【完】淡い雪 キミと僕と
「悪いけれど、タイプじゃあないんだ」
会う事はなかった。
会ってうっかりその気にでもさせてしまったら大変だから。
だからといって、メールで関係を断ち切るのは余りにも失礼すぎると思ったから直接電話で告げた。

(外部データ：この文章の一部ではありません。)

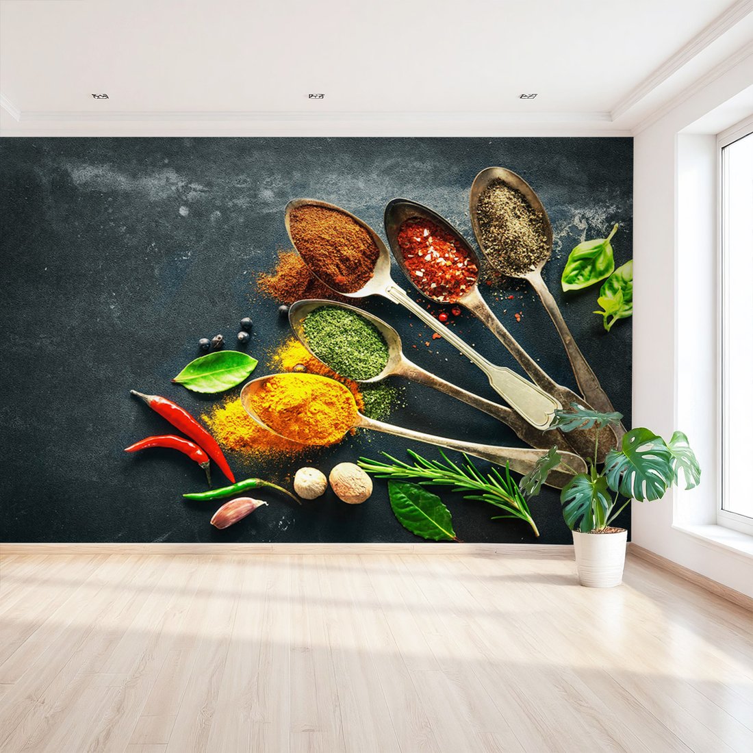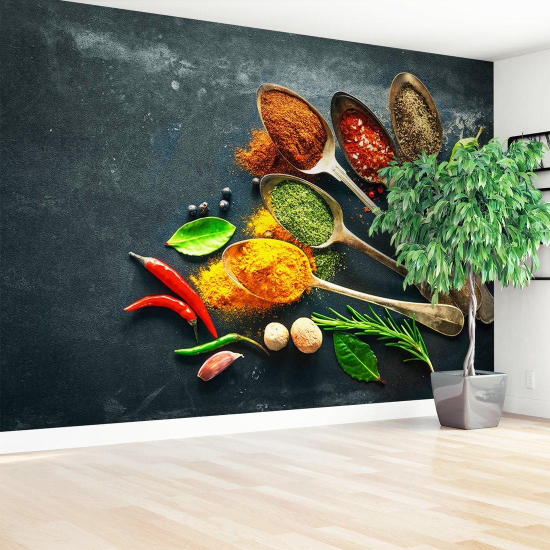 Nadaj swojemu wnętrzu unikalny charakter i głębię dzięki naszej fototapecie z motywem przyprawy, jedzenie, łyżki. Ta imponująca dekoracja ścienna to połączenie nowoczesnego designu i zapierającego dech w piersiach motywu, które całkowicie odmieni Twoje pomieszczenie

別に告白をされた訳ではない。好きだとも言われていない。実際美麗は俺の事を本気で好きになるわけがなかったし、俺の背後に見え隠れするステータスに惹かれていただけなのだから。
あっそうですか、とか直ぐには食い下がらなかった。
意外に気が強い。花のように笑う癖に、今にも泣き出しそうに、眉と目尻を下げて弱々しく笑うくせに。
「どういった女性がタイプで?」
聞かれたから正直に、何人もの男と付き合える人よりも、たった1人をずっと想えるような女性がタイプ、だと言った。
これは、紛れもない本心であった。
女には、とっくに幻滅していた。
どこに行っても、同じような顔をして同じ笑顔を作って、同じようなブランド物を持って、同じような服を着る。

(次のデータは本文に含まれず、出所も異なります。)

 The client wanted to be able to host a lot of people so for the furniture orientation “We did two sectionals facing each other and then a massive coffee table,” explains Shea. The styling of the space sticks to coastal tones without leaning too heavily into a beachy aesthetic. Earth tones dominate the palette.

俺の周りには入れ替えられても分からないほど、そんな女性たちがうじゃうじゃ溢れていた。
卑しい、というのだろうか。
けれど人並みに性欲はあるもんで、言い寄ってくる女たちは抱いた。セフレだって何人かいた。相手が本気になりそうならば、速攻切った。
違うんだ。上辺だけを取り繕った、そういう問題ではないんだ。
女に淑女であれとは言わん。そういう事じゃあないんだ。